- Born: Carole Enid Handler December 23, 1935
- Died: October 22, 2023 (aged 87)
- Education: Harvard College, University of Pennsylvania Law School, University of Pennsylvania, Massachusetts Institute of Technology
- Occupation: lawyer
- Known for: intellectual property litigation
- Notable work: Spider-Man-Marvel Comics copyright case, 1998
- Parents: Milton Handler (father); Marion Winter Kahn (mother);

= Carole E. Handler =

American lawyer (1935–2023)

Carole Enid Handler (December 23, 1935 – October 22, 2023) was an American lawyer who specialized in intellectual property litigation in the areas of trademark, copyright and antitrust laws, particularly those related to entertainment and media industry. She is commonly known as the "lawyer who saved Spider-Man."

== Legal career ==
Handler's noteworthy achievement is a case considered to be a landmark case that was won on an ironic, yet relatively simple, but critical oversight. At issue were the sale of intellectual property rights to certain Marvel Enterprises characters that Marvel's new owners thought it bought with the company. The claim was successful because, although the purchaser of those rights had a valid signed contract with the former owners of Marvel, the actual new rights were never registered with the United States Copyright Office. Handler's discovery of that fact, and her interpretation of IP law during the court proceedings, caused the rights to revert to Marvel, which was bought by Avi Arad and Ike Perlmutter.

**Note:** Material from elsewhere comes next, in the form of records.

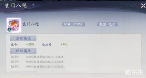 全部加成:受治疗+4% 生命+20% 防御+20%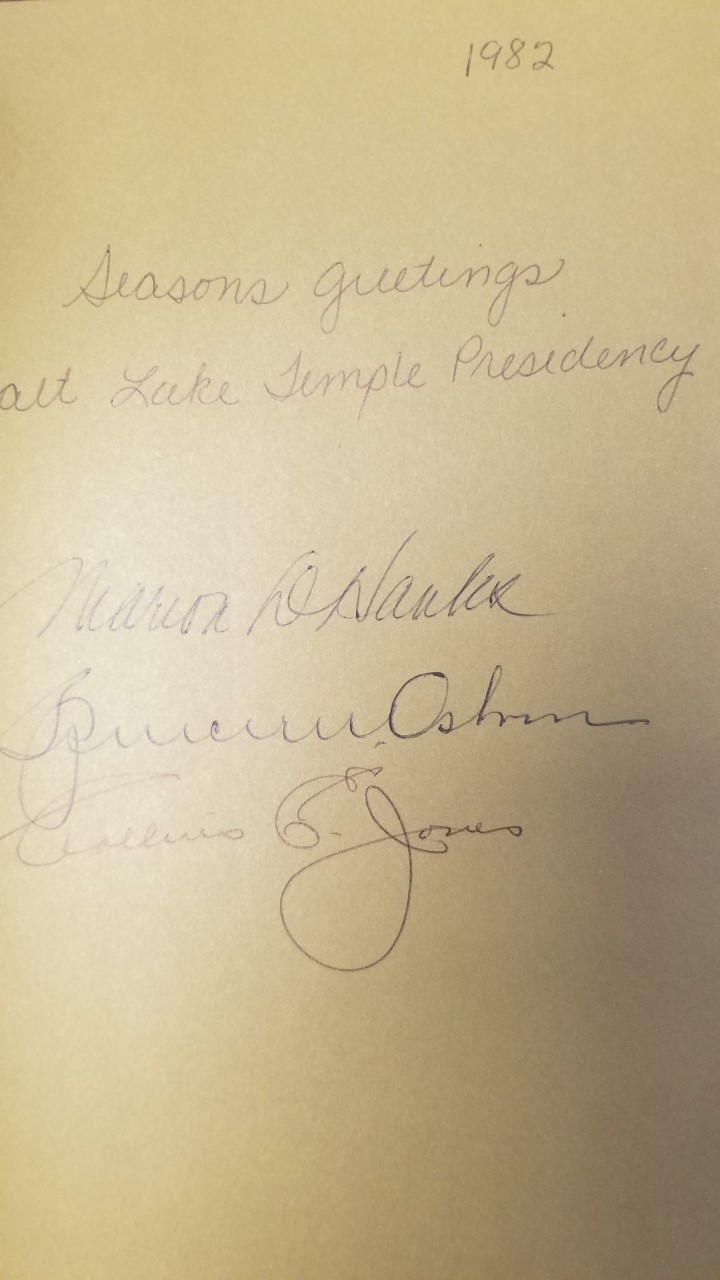 The book is inscribed and signed by Elder Marion D. Hanks and his two counselors inside the front cover.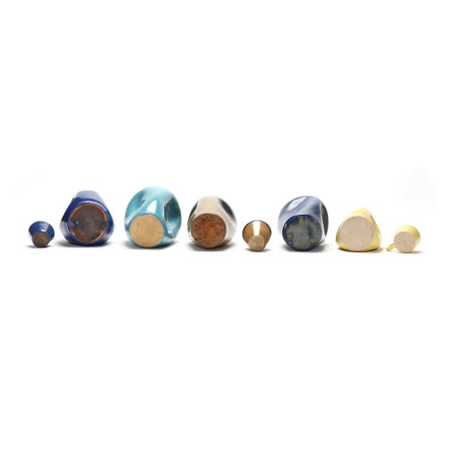 20th century, glazed earthenware, (14) pieces including a yellow glazed form signed and dated "81" by Fred Beane of Old House Pottery, Seagrove, North Carolina with conforming cup (8 3/4 in.); a single with deep Albany slip glaze, signed "PENLAND'S POTTERY CANDLER N.C." (7 in.), four others of similar form and glaze, one stamped "Moonlight School Exchange Asheville NC" and with conforming cup (6 1/2 in.); (2) taller forms in a blue glaze, attributed to A.R. Cole, unsigned (10 1/2 in.); one in salt blue glaze (9 1/4 in.); and the tallest with blue glazed accents, with conforming cup, attributed to Hilton Pottery, Newton, North Carolina (11 1/4 in.). Also included is a small example in orange with black hatch decoration, signed by Greg Schooner of Ohio.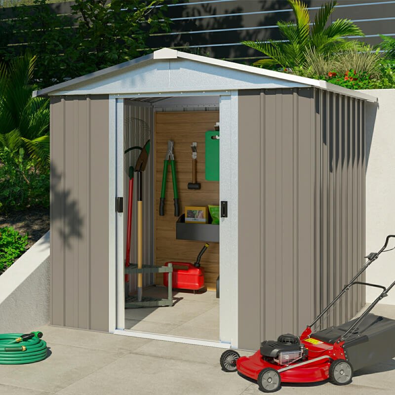 Reassuringly robust, designed with extra height and backed by a superb 15-year anti-rust guarantee, the 6’8 x 7’2 Yardmaster Tall Stone Grey Metal Shed (2.02m x 2.17m) is the perfect place to safely house your expensive tools, garden furniture and bicycles. A Premium Metal Shed with Extra Headroom Coating your shed in preservative and repairing torn roof felt will be jobs from the past once you’ve purchased this maintenance-free garden shed. Built from high-tensile aluminium hot-dipped galvanised steel, which will never warp, crack or split, even in extreme weather conditions, this superior metal shed is also completely impervious to damage from bugs and pests. A traditional apex roof and a gorgeous baked-on stone-grey finish ensure that this garden storage shed doesn’t just boast brawn but beauty too, whilst the 7 layers of protection eliminate any risk of corrosion and ensure the shed’s immaculate appearance will endure for many years to come. Easy Interior Access and Generous Height You can gain easy access to your stored items via sliding double doors, which are overlapping, include a padlock fixing (padlock not included) and are fitted with anti-tamper bolts, so rest assured that your prized possessions will be completely shielded from the elements and safe from unwanted attention. Extra tall walls and high gables make this 6×7 shed suitable for even our tallest customers, whilst ventilation slots along the ridge and eaves ensures optimum conditions for your stored items. Smooth Assembly Process With dimensions of 199cm x 202cm x 217cm, this tall garden shed is supplied with a free anchor kit, clearly-numbered parts, an assembly manual, rust-resistant screws and UK-based telephone support to help you achieve a simple, stress-free assembly. Please note that this metal shed comes without a floor (unless you select the optional floor support kit) and should be erected on a level concrete or paved base. The optional floor support kit does not include a timber floor. If you purchase the floor support kit, it cannot be returned alone should you decide not to build a floor. Free Shipping Delivery is free to most UK addresses. Key Features Tall metal garden shed 15-year anti-rust guarantee Made in the UK Built from high-tensile aluminium and hot-dipped galvanised steel 7 protective layers to prevent corrosion Lockable sliding double doors include anti-tamper bolts Ventilation along the ridge and eaves Completely maintenance-free Includes free anchor kit, numbered parts and rust-resistant screws Comes without flooring, but optional floor support kit is available in the options Free delivery to most UK addresses

Handler worked with studios to develop a legal licensing system for digital video. Handler argued that the idea of Creative Commons, created by Stanford University professor Larry Lessig, is an "interesting compromise" - allowing for protection for copyrightable interests of the video itself while also acknowledging that the technology being used that causes the video to be accessed online modifies the licensing arrangement.

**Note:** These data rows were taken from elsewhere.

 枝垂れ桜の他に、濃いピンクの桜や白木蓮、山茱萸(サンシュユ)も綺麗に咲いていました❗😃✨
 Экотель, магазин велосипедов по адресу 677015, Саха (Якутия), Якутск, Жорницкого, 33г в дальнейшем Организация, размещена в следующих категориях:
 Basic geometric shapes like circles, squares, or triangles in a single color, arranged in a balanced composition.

Aside from Handler's experience in motion picture and entertainment licensing, she worked with IP issues dealing with energy, pharmaceuticals and medical devices.

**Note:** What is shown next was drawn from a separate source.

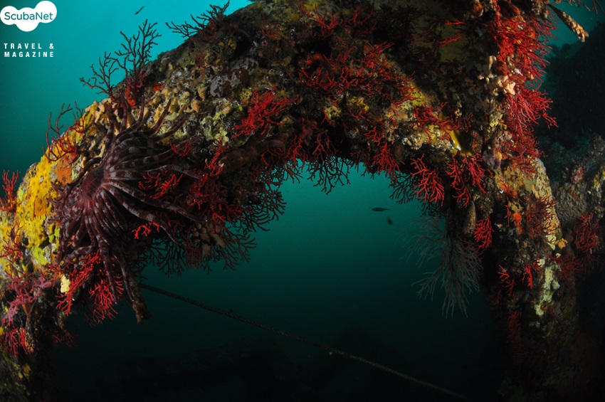 수심 약 24m에 옆으로 45° 정도 누운 커다란 난파선이 놓여있고, 난파선 후미에서 약간 이동하면 철제구조물이 있다. 마찬가지로 난파선 선수 쪽으로도 커다란 철제 구조물이 놓여 있는데 이쪽에는 벤치와 테이블도 마련되어 있어 버디들끼리 재밌는 연출사진을 찍으며 추억을 남기기에 좋아 보였다. 난파선은 아직 부착물이 완전하게 붙지 않아 몸체의 색이 드러나 있었고 웅장한 크기로 압도했다. 난파선 안쪽으로는 커다란 장어와 놀래미를 볼 수 있었다. 난파선 앞뒤로 있는 구조물 안에 들어서니 얼기설기 놓인 철근과 밧줄, 그물이 어린 시절 놀던 정글짐 안에 들어온 듯한 느낌을 들게 했다. 철근에는 노란 해면들이 조금씩 자리를 잡고 있었고 구조물 상단부에서는 줄돔과 망상어들이 마치 자기네 놀이터인 냥 즐거이 헤엄치고 있었다.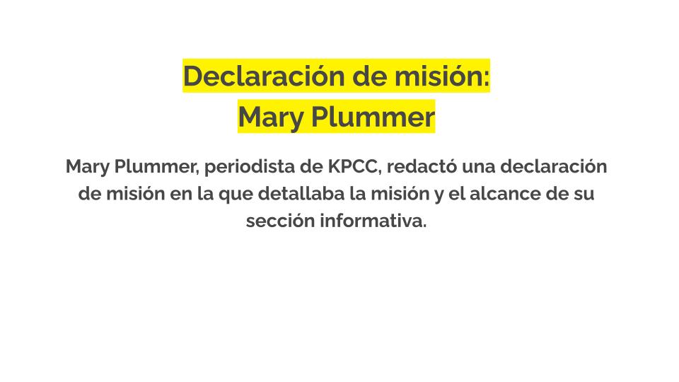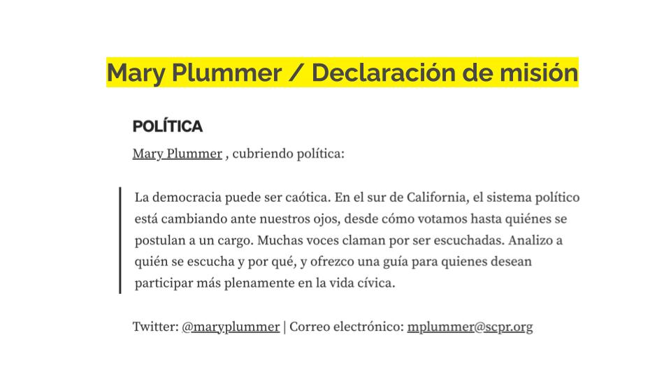 La emisora del sur de California KPCC/LAist hizo que cada uno de sus periodistas y productores creara declaraciones de misión que explicitan los temas y cuestiones que cada reportero se compromete a cubrir. Las declaraciones de misión también les dieron a los periodistas la oportunidad de compartir más sobre sus conexiones personales con el trabajo que hacen, lo que los llevó a esta cobertura y por qué es importante para ellos.

Among her antitrust work, Handler represented the National Basketball Association and several of the major motion picture studios defending them against "block booking" (when studios sell its films in bundles of 'all-or-nothing' packages; meaning that theaters were required to buy some of the studio's mediocre pictures along with the more salable ones).

In 1998, Handler took on the case of Holocaust rescuer (Righteous Gentile) Irene Gut Opdyke when Opdyke tried to re-gain the rights to tell the "authorized" account of her life story, which she had previously assigned in a lawful motion picture option agreement. Handler worked with the parties to reach an agreement and the case was dismissed with prejudice. In an ironic twist, after the trial, all parties agreed that the promoter did "nothing wrong." Opdyke publicly acknowledged the promoter who she sued by thanking him in her book, “In My Hands” and agreed to give him a producer credit for the eventual "authorized" motion picture about her life story.

Handler was a partner at Kaye Scholer LLP., O'Donnell & Shaeffer LLP and Thelen Reid & Priest LLP.

== Education ==
Handler received her undergraduate degree from Harvard College and her J.D. degree from the University of Pennsylvania Law School in 1975. She then went on to achieve a master's degree in city planning from Penn, and also studied architecture at the Massachusetts Institute of Technology.

==Honors and awards==
Handler was named one of the "Top 50 Women Litigators in California" by Daily Journal Extra in 2005, 2004, 2003 and 2002. In 2001, and was named one of the "Lawyers of the Year" by California Lawyer.

==Personal life==
She was the daughter of Milton Handler, who was a professor at Columbia Law School, and Marion Winter Kahn.